After the war, Jeptha Norton served in the South Carolina legislature. The Nortons moved to Walhalla, SC in 1868, eventually acquiring a sizable amount of land in Oconee County. In 1871, as the executor of his late grandfather’s estate, Norton lists 10,000 acres of “mountain lands” to be auctioned off in tracts. A founder of the town of Seneca in 1874, he served as a circuit judge until just before his death in 1896.

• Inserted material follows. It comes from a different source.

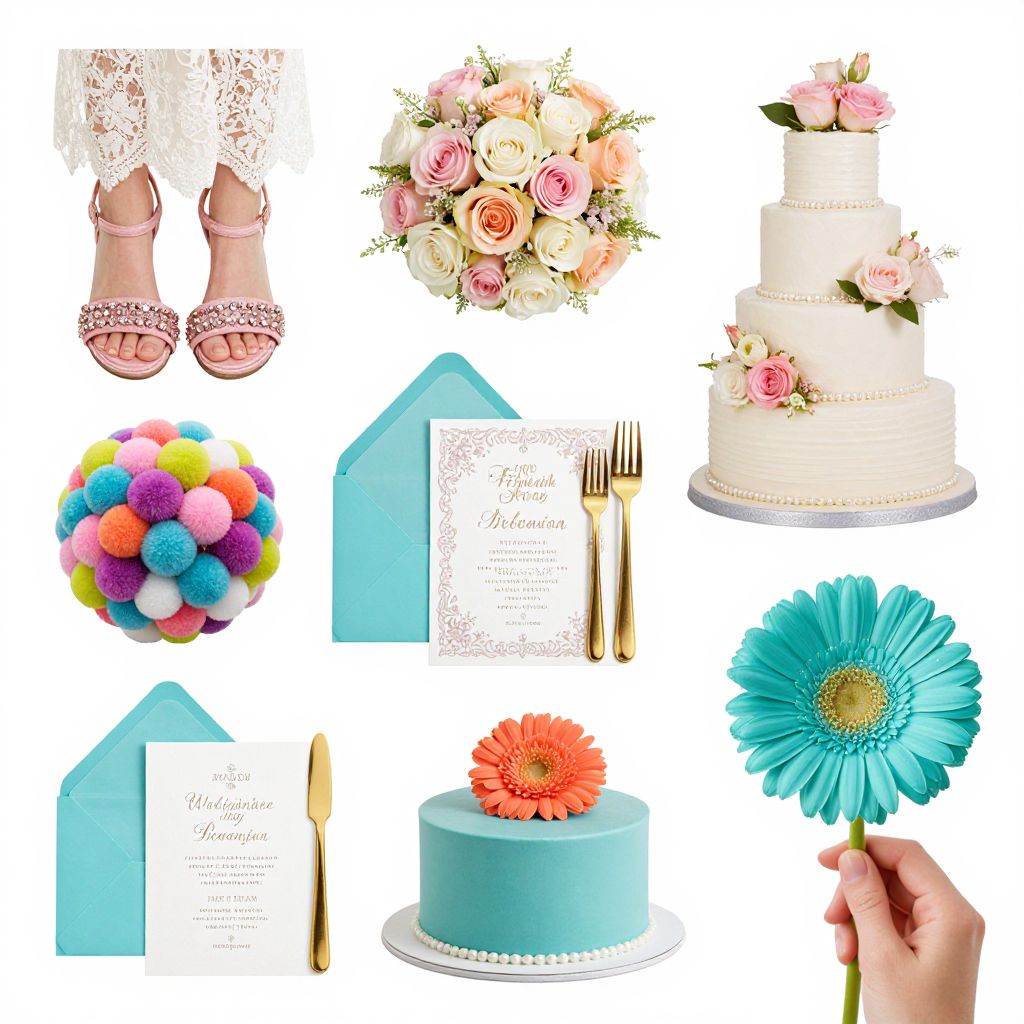 Tiffany Blue and Pink Wedding Inspiration Board showcases nine distinct elements, including a woman wearing a lace dress, pink embellished sandals, a tiered wedding cake decorated with pastel roses, a bouquet of soft-colored roses, a spherical arrangement of colorful pom-poms, a detailed invitation card with gold cutlery, a turquoise cake topped with a coral flower, and a hand holding a vibrant turquoise gerbera daisy, all harmoniously blending romantic and elegant themes.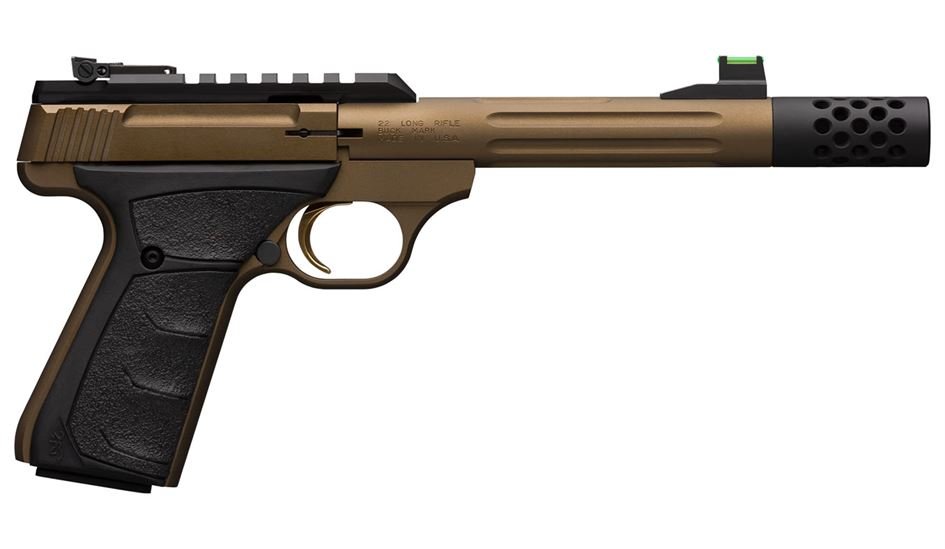 The Buck Mark Plus Speed features a Fluted steel bull barrel, Picatinny optics rail, suppressor ready threaded barrel, muzzle brake, UFX overmolded grips, fiber-optic front sight, and an adjustable rear sight.

According to the 1880 census, the Norton family employed Isabella Neal, a widow, as a cook and an African-American servant named Charleston Williams. After Jeptha passed away, their youngest daughter Sallie remained at home, as well as a boarder named Lillie Kelly. Tabitha died suddenly of pneumonia in 1908. Described as a “most excellent woman,” the Greenwood Daily Journal noted her passing as “deplored by her many friends.”
North Carolina Lily
Tabitha Campbell Norton (1841-1908)
Laurens County, SC
War Hits Home
Formed in 1861, the 1st South Carolina Rifles, known as Orr’s Regiment, was the first South Carolina regiment mustered into Confederate service. The unit was made up of recruits from Abbeville, Pickens, Anderson, and Marion Counties. Initially stationed at Sullivan’s Island to protect Charleston, the regiment moved into Virginia to serve under General Maxcy Gregg’s South Carolina Brigade in 1862.
Tabitha Norton’s husband and her father-in-law served in Orr’s Rifles at the same time. CPT Jeptha Norton commanded Company C “The Mountain Boys” and CPT Miles Norton commanded Company E “The Oconee Rifles.” They both saw some of the fiercest fighting of the war, including Antietam, Manassas, and Fredericksburg. In August of 1862, Miles was killed at the Battle of Second Manassas:
General Gregg ordered me to charge, which I did. Just after ordering a retreat, my father was mortally wounded and I & LT Reid carried him from the field.
Norton diary entry, 1862
The next day, Jeptha buried his father under a “persimmon tree next to the battlefield.” Less than four months later, Jeptha was severely wounded at the Battle of Fredericksburg. The injury required the amputation of his left arm. In 1988, over one hundred and twenty years later, Miles Norton’s remains were returned to Pickens County and interred in the family cemetery.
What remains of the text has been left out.